Japan's Bridgestone Corp, the world's largest producer of tyres, yesterday agreed to plead guilty and pay a $425 million criminal fine to US regulators on charges of conspiring to fix prices of automotive parts.
Bridgestone is among the other 26 other automotive suppliers who have so far pleaded guilty for the same charges bought on by the US Department of Justice (DoJ) after a three-year investigation.
The DoJ said that this is the largest criminal investigation ever pursued by its antitrust division and has now netted more than $2 billion through criminal fines.
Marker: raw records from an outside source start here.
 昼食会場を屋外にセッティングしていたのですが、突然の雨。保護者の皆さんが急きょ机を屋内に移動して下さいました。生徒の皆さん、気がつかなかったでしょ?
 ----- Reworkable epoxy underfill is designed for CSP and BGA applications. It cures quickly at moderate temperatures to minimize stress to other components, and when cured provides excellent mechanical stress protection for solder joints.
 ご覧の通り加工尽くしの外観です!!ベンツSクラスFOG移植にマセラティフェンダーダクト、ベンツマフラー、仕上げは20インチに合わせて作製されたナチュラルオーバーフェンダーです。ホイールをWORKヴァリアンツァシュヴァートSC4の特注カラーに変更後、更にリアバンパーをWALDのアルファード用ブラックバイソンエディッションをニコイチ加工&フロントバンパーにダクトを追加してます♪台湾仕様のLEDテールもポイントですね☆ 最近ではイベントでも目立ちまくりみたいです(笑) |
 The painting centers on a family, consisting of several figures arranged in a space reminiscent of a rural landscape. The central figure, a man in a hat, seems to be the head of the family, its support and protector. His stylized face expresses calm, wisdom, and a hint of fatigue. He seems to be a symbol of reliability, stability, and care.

According to DoJ, Bridgestone conspired to rig bids and to fix, raise and maintain prices of automotive anti-vibration rubber parts it sold to Toyota Motor, Nissan Motor, Fuji Heavy Industries, Suzuki Motor, Isuzu Motors and certain of their subsidiaries, affiliates and suppliers, in the US and elsewhere.
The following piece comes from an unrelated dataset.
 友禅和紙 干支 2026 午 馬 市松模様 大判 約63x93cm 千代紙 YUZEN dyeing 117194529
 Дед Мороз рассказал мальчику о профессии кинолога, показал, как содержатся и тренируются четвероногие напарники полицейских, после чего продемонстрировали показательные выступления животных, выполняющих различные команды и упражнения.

In addition to the criminal fine, Bridgestone also has agreed to cooperate with the department's ongoing auto parts investigations.
In October 2011, Bridgestone pleaded guilty and paid a $28 million fine for price-fixing and Foreign Corrupt Practices Act violations in the marine hose industry, but the DoJ said that Bridgestone did not disclose at the time of the plea that it had also participated in the anti-vibration rubber parts conspiracy.
The regulator said that Bridgestone's failure to disclose this conspiracy was a factor in determining the $425 million fine.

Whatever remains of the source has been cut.